We’ve intentionally taken a proactive approach to partner with new entrants into the defense ecosystem, both as partners in our shipbuilding operations as well as in mission technologies. For example, our ROMULUS unmanned surface vehicle team includes Shield AI, Applied Intuition, and C3 AI. We are working on a range of collaborative projects with Shield AI, integrating their Hivemind autonomy stack with our Odyssey autonomy solution to accelerate cross-domain uncrewed system operations.

A good example of start up partnership within the shipyard is our relationship with Path Robotics. We are working to integrate Path Robotics physical AI for welding into manned and unmanned shipbuilding operations. Together, we are identifying and pursuing future opportunities in shipbuilding capability development, training a workforce to use physical AI, and pursuing joint research and development in manufacturing technologies.

From permitting policy to vocational programs and property tax policies, state and local governments can play a major role in shipbuilding’s reindustrialization. What are some critical steps that state and local governments can take to make it easier to set up new shipyards or revitalize old ones?

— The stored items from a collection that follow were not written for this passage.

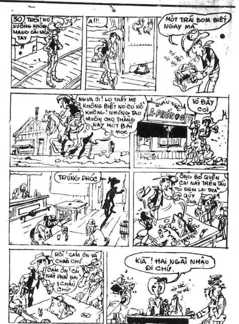
TRUNG ĐỐC RỒI CÁM ƠN V CHẠCH CH OAM CHỈ CÁ NAY TRAI B 1 CHAU CHU KIA! HAI NGÀI NHẬU ĐI CHỜ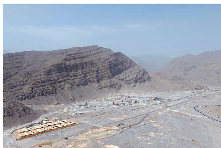
المدينة تنجح في توطين عدد من المشروعات الاستثمارية

مسقط - العُمانية: سجّل الميزان التجاري لسلطنة عُمان فائضاً بـ ٢٥٦ مليون ريال عُمان حتى نهاية شهر يناير ٢٠٢٦ مقارنة بفائض بلغ ٥٢٨ مليون ريال عُمان خلال الفترة نفسها من عام ٢٠٢٥، وفق ما بينت الإحصاءات المبدئية الصادرة عن المركز الوطني للإحصاء والمعلومات. وأظهرت الإحصاءات أن إجمالي قيمة الصادرات السلعية سجّلت ملياراً و٨٣١ مليون ريال عُمان بنهاية شهر يناير ٢٠٢٦، مسجلاً انخفاضاً بنسبة ٦,١ بالمائة مقارنة بالفترة نفسها من العام السابق.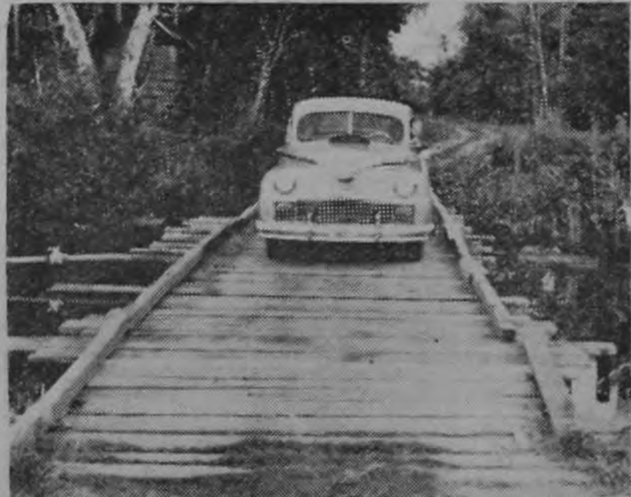
Puente Negro. — Los comentarios sobran.

HAGA SUS PISOS con tabloncillo de Surá. Hecho en la Acepilladora — Melchor Guzmán S.A. — P.O. Box 1000 — San José, Costa Rica. — Teléfono 2-1111.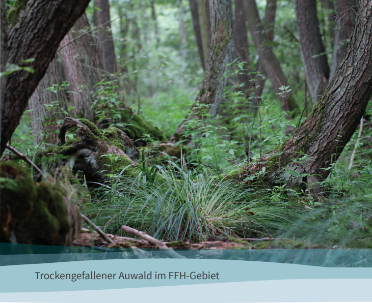
Trockengefallener Auwald im FFH-Gebiet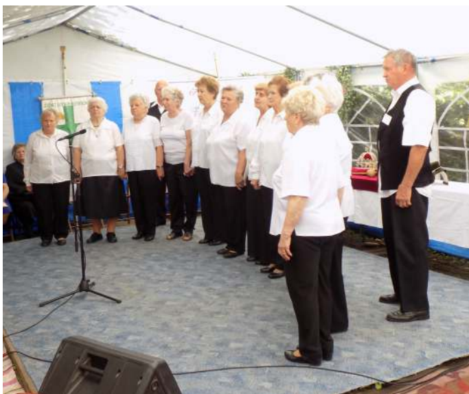
Műsort ad az Őszirózsa Nyugdíjas Egyesület Népdalköre

énekes fergeteges Rockandroll világát idéző és nagy vidámságot teremtő humora teljesen felvillanyozta a nézőközönséget és voltak, akik a zene hallatán még táncra is perdltek.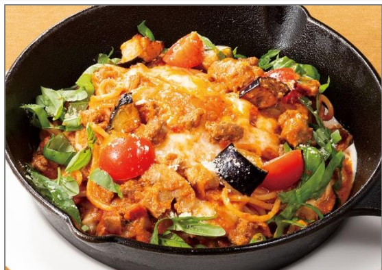
[New] モッツァレラチーズと ごろごろミートソースのスパゲティ フレッシュバジル添え 1,200円 (税込 1,296円)

肉粒感たっぷりのミートクリームソースにイタリア産モッツァレラチーズを贅沢に加えたチーズ好きにはたまらないスパゲティです。チーズと香り高いバジルを麺と絡めて食べるのがおすすめです。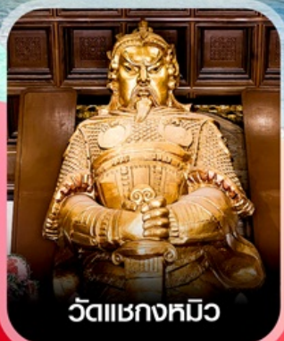
วัดแซงทมิว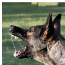
Negeen von Kaisersbari ♀ 14.10.2017 LOF 720798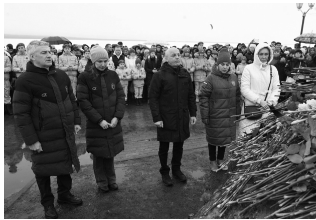
Руководители республики и Петрозаводска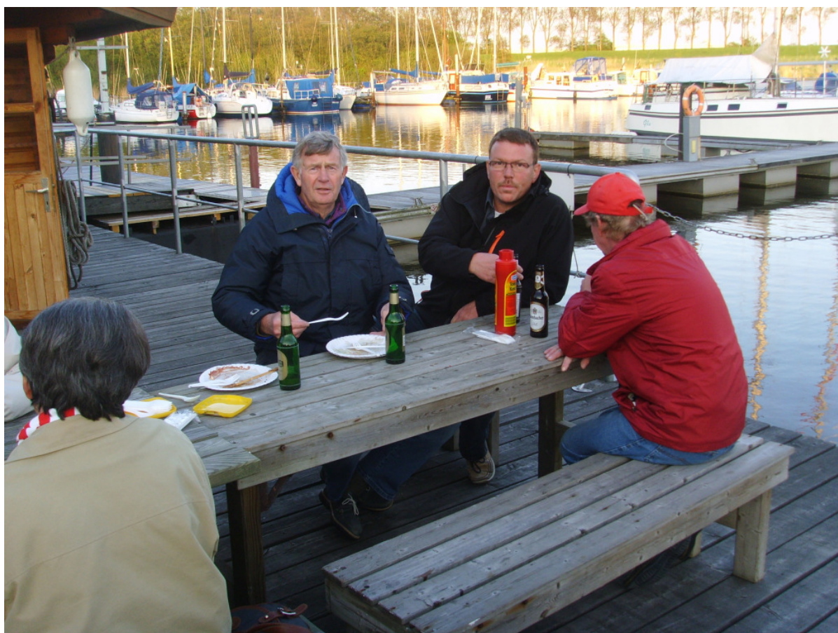
... die andere Hälfte, einige mussten schon wieder zu Hause sein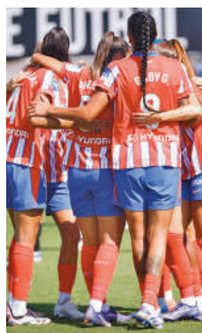
El Atlético goleó en Valencia

Por su parte, el Real Madrid afronta una salida complicada al campo del Akeki Tenerife, un equipo que ha dado algún disgusto a los grandes en las últimas temporadas. El partido se disputará este domingo (19 horas).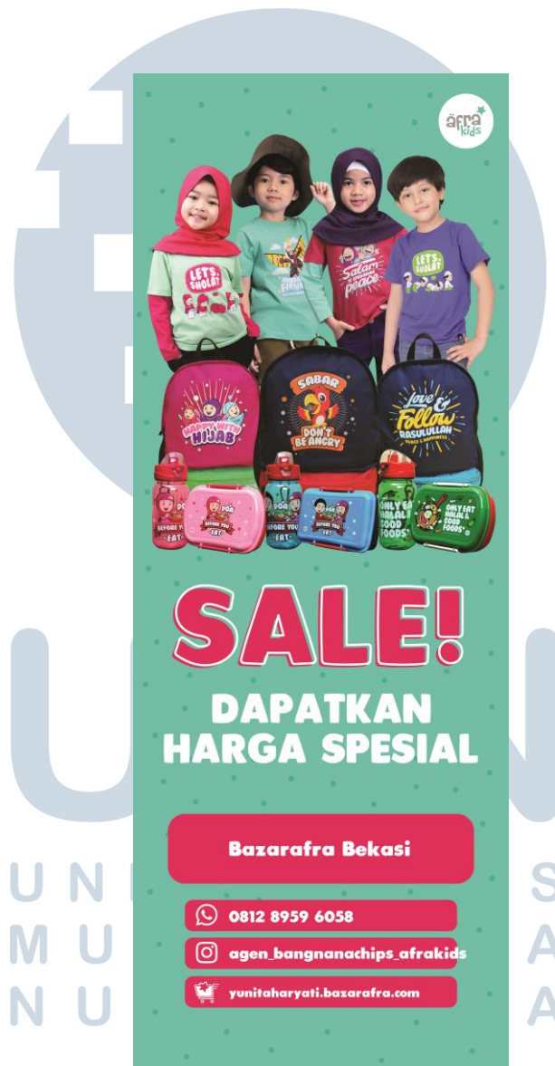
Gambar 2.3. Portofolio X-Banner Afrakids

X-banner (Ukuran 60×160 cm) adalah salah satu media yang digunakan Afrakids untuk menyampaikan informasi, dibawah ini adalah salah satu desain x-banner yang dibuat Afrakids untuk menyampaikan informasi adanya bazaar Afrakids di bekasi.

Shipbuilding is local in its footprint and national in its importance. We’ve seen strong examples of public-private partnerships with state and local governments at our core shipyards in Newport News, Virginia, and Pascagoula, Mississippi, as well as our flexible manufacturing facility in Charleston, South Carolina. Our shipyards create thousands of jobs for their communities, and Newport News Shipbuilding remains the largest industrial employer in Virginia. Our experience has shown us that states that want to attract or expand shipbuilding capacity should consider three levers:

First, workforce pipelines. Shipyards succeed when K-12 systems, community colleges, trade schools, and employers are aligned around the skilled trades like welding, pipefitting, machining, and electrical work. Apprenticeships tied to employers can create durable middle-class career paths for entire cities.

Second, infrastructure and permitting velocity. Shipyards are capital-intensive and waterfront dependent. Predictable, streamlined permitting can compress timelines by years. Investments in port access, reliable power, heavy-lift transportation, and dredging are also major enablers.

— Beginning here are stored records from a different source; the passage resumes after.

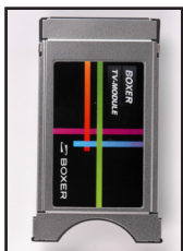
CA-modul. Set med forsiden opad

Denne vejledning gælder kun for INVATEC M19-DVD4.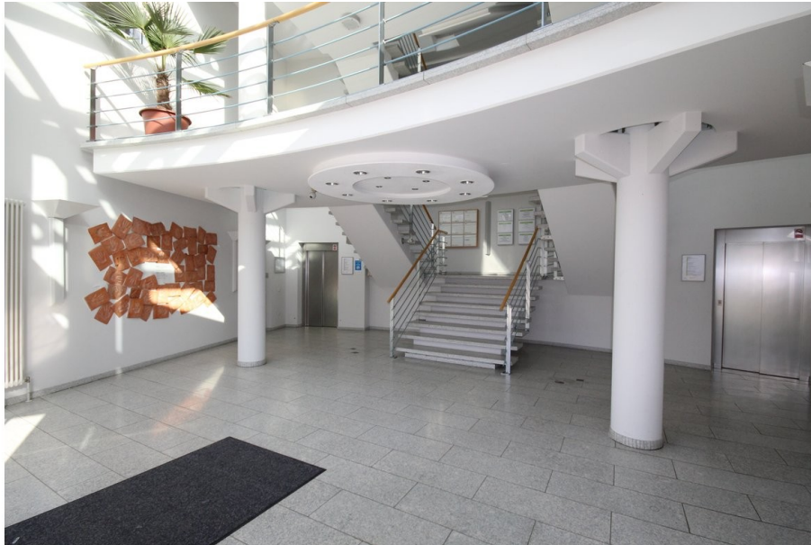
Eingangsfoyer Ansicht 2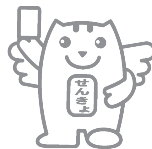
明るい選挙キャラクター 選挙のめいすいくん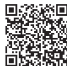
キャンセル待ち 登録者募集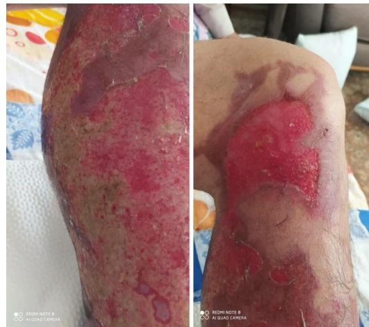
شکل شماره ۱. نمونه‌ای از بیمار دارای زخم سوختگی با عفونت ناشی از Escherichia coli مقاوم به آنتی‌بیوتیک

بررسی الگوی مقاومت آنتی‌بیوتیکی در بیماران سوختگی: در این تحقیق، بررسی فراوانی باکتری‌های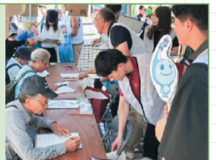
イベント対応の様子

主な事業としては、ちば野菊の里浄水場(第2期)の施設整備、水道施設の耐震化、上下水道料金の徴収一元化などに取り組んでまいりました。ちば野菊の里浄水場の施設整備は、令和5年度の稼働を目指しています。水道施設の耐震化は湾岸埋立地域の管路を優先して実施しており、災害に備えるため今後も引き続き取り組んでまいります。また、令和3年1月から上下水道料金徴収一元化の対象市域を拡大するなど、今後もお客様のニーズを捉えた事業運営に取り組んでまいります。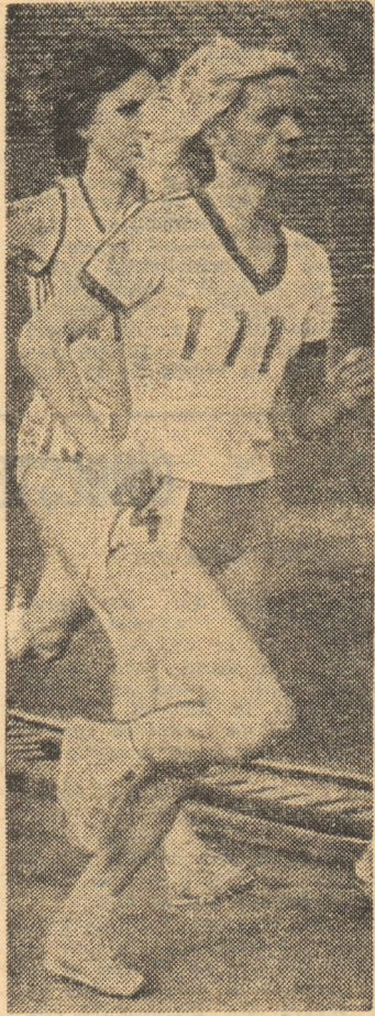
Miercuri, la Zurich, Maricica Puică și-a corectat cea mai bună performanță în proba de o milă, înregistrînd un nou record european

În 1975, cînd Nadia Comăneci cucerea la Skien primul său titlu de campioană absolută a Europei, lumea sportivă și-a dat seama că se afla în fața unui talent de excepție. Performanțele ulterioare repurtate de inegalabila noastră campioană aveau să confirme într-un totul marile ei posibilități de a-și etala cu virtuozitate fără seamăn înalta-i măiestrie: triplă campioană olimpică la J.O. de la Montreal, din 1976, dublă campioană olimpică la J.O. de la Moscova, din 1980, campioană mondială în 1978 și 1979, campioană absolută a Europei în 1977 și 1979 — iată doar o parte dintre strălucirile ei succese. Pe bună dreptate, Nadia este socotită ca una dintre cele mai mari gimnaste ale lumii.

Third, tax and land-use stability. Brownfield redevelopment tools, property tax certainty, and long-term site control all reduce investment risk. Shipyards require long-term capital commitments, as referenced in the latest White House initiative on Restoring America’s Maritime Dominance, and policy stability is often more important than short-term incentives.

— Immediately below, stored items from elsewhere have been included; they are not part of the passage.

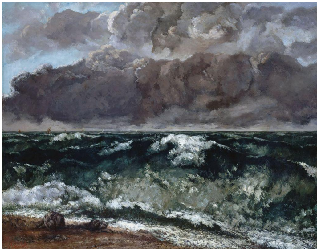
Гюстав Курбе. Волна. 1860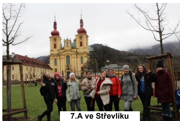
7.A ve Střevlíku

pozorování zvířat v přírodě. Na vycházce jsme však na žádné lesní zvíře nenarazili, a proto jsme byli vděční, že můžeme dalekohledem pozorovat alespoň koně a ovce ve vzdálené ohradě.“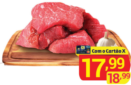
Alcatra C/ Maminha Peça à Vácuo Kg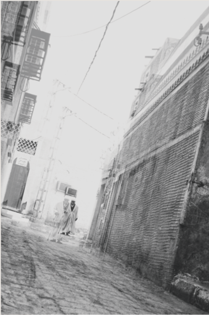
Lola Khalifa Éphémère (sans titre 3) 2013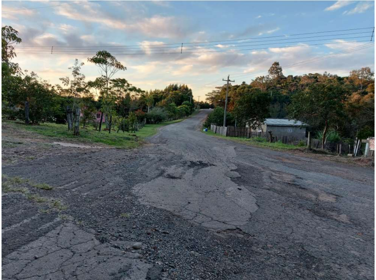
Foto 05/06 – ESTRADA DE ACESSO DE GENERAL CÂMARA AO DISTRITO DE SANTO AMARO (IVALINO JOSÉ MOREIRA)

Rua: General David Canabarro, 120 – Fone PABX: (51) 3655-1399 Fax: (51) 3655-1351 CEP: 95.820-000 GENERAL CÂMARA – RS CNPJ: 88.117.726/0001-50 e-mail: compras@generalcamara.com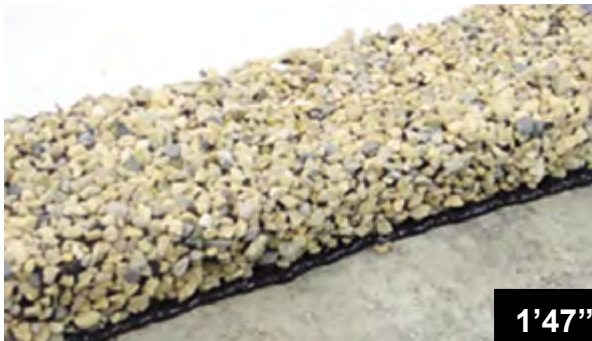
Klebung der BFL-Mastix Bänder auf Beton

You spent many years in the military, government, and consulting. What is something you have learned working at a large manufacturer that you wish you had known in your previous roles?

As a country, we’ve significantly underinvested in trade skills. Before, I had an intellectual appreciation for the workforce development challenge facing U.S. manufacturers. I now have a visceral understanding of the problem.

Through a combination of on-the-job training, relationships with local community colleges, and our own company-run apprentice schools, we are making steady progress. But HII is also unique. Both of our shipyards have a long history of apprenticeship programs. For example, the Apprentice School at Newport News Shipbuilding was founded in 1919 and is the preeminent apprenticeship program in the nation. The school offers four and five-year apprenticeships in nineteen shipbuilding disciplines. It’s a great opportunity.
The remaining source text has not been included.